Difficile pensare di uscire da questa situazione ripetendo come un mantra sviluppo, occupazione, lavoro per i giovani, mezzogiorno. Occorrerebbe trovare un equilibrio tra risanamento e ripresa: va ridotto il debito senza compromettere la crescita economica, come invece purtroppo si sta facendo.

Le misure di risanamento, necessarie, non sono pensabili senza sostegno alla domanda interna e senza la ripresa di investimenti pubblici per ricreare occupazione non assistita. Partendo dalle PMI, uniche a saper creare occupazione, con finanziamenti mirati e agevolando il credito anche con i finanziamenti della BCE, si avrebbero risultati sicuri in tempi relativamente brevi.

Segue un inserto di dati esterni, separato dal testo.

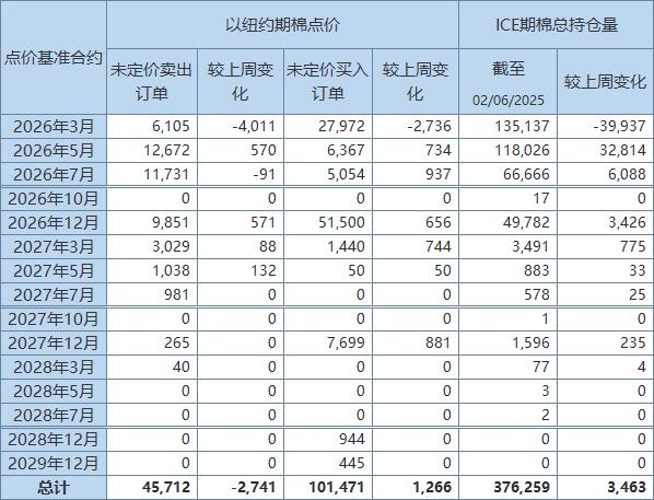 所有期棉合約點價未定價賣出訂單共45712手,較前周減少2741手。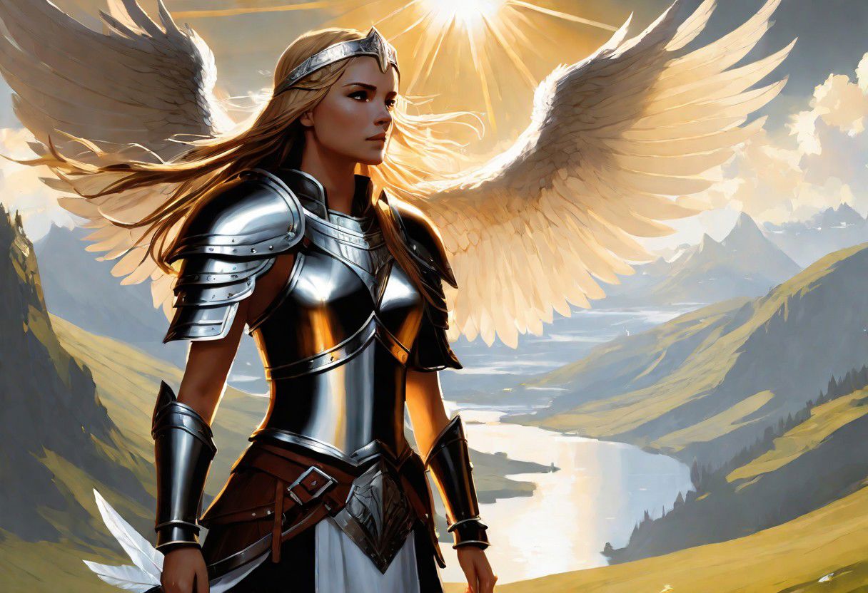 Hlif Brunidottir. Valkyrie. Wings. Armor. Female. Male. Long Hair. Landscape Background. Cloudy. Sunny.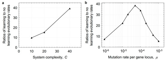 Effects of plasticity on the rates of the evolution of system complexity and mutation. The acquisition rate in the populations that exhibited plasticity relative to those that did not is shown in (a) for different values of the parameter C that specifies the number of elements required to generate the functional system and provides a measure of the system’s complexity and in (b) for different rates of mutation µ. The ratios were obtained from the mean of 10 simulations and averaged over the range of mutation rates ( [10−6, 10−3]) in (a) and over the system’s complexities (C = {10;20;40}) in (b).

Andrebbero poi sbloccati i pagamenti della pubblica amministrazione ed aboliti i vincoli degli Enti locali “virtuosi” sui Patti di stabilità, facendo così partire investimenti per migliaia di progetti di piccola e media portata, ma capaci di rilanciare il lavoro sul territorio per le piccole imprese, con certi risultati sul fronte occupazionale.

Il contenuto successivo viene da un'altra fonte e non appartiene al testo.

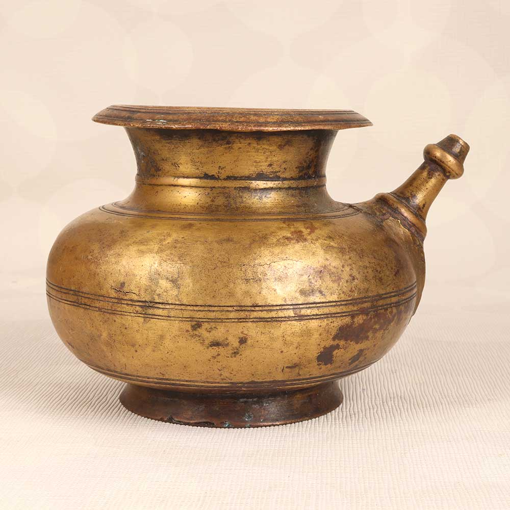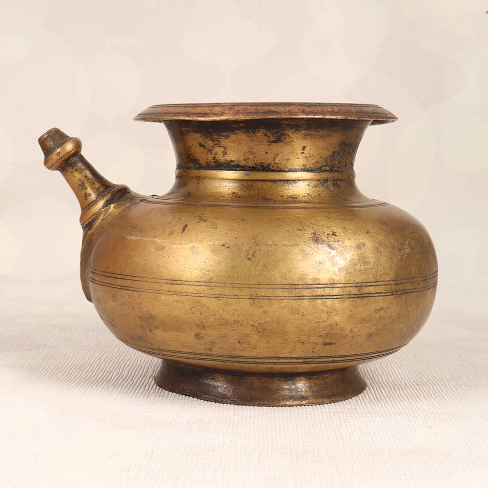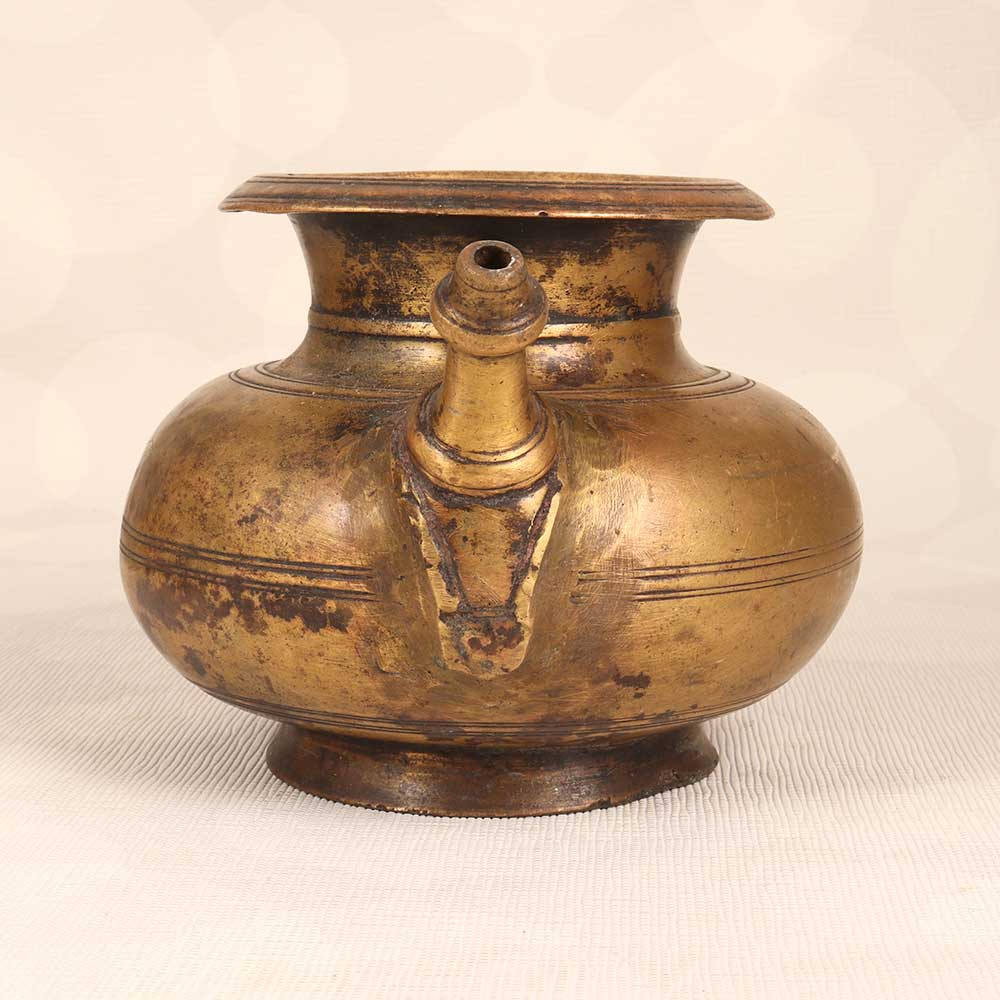 Transport yourself back to ancient times with this beautifully crafted vintage brass holy water pot. Perfect for adding ambience and elegance to your home decor, this pot features delicate detailing and a convenient spout for easy pouring. Use it to hold fresh flowers on your dining table or as part of a spiritual ritual to cleanse your home and invite positive energy. With its timeless design, this brass pot makes a meaningful addition to any space. Bring the allure of ancient holy rituals to your home with this special brass water pot. Display it proudly to add warmth and character to your living space. As both a decorative and spiritual piece, this pot connects you to cultural traditions in a truly unique way. For those looking to add an exotic, mystical touch to their home decor, this vintage pot beautifully captures the essence of an ancient civilization. Let its earthy elegance elevate your space.

Quando manca il lavoro servono cose simili a quella descritta, come per esempio, non tagliare i trasferimenti agli Enti locali che sostengono il lavoro di migliaia di addetti della cooperazione che prestano servizi indispensabili per le comunità. Non basterà più John Maynard Keynes da solo in una fase postindustriale come la nostra, ma neppure va mandato in soffitta. Oggi non basta più dire che bisogna creare lavoro: bisogna pensare a iniziative nuove e non ordinarie per ripartire il lavoro ed il reddito esistente.

Sul versante della riforma del mercato del lavoro il Paese avrebbe avuto bisogno di una riforma ben diversa, sugli ammortizzatori sociali, in senso universalistico, sulle politiche attive e sul contrasto alla precarietà. Stiamo, invece, vedendo i risultati disastrosi di questi giorni sul mercato del lavoro (mentre si dice che il contratto centrale è quello a tempo indeterminato, l’80% delle assunzioni è di tipo precario e non standard). Sul versante dell’occupazione le riforme approvate (pensioni, mercato del lavoro) si riveleranno, purtroppo, dannose.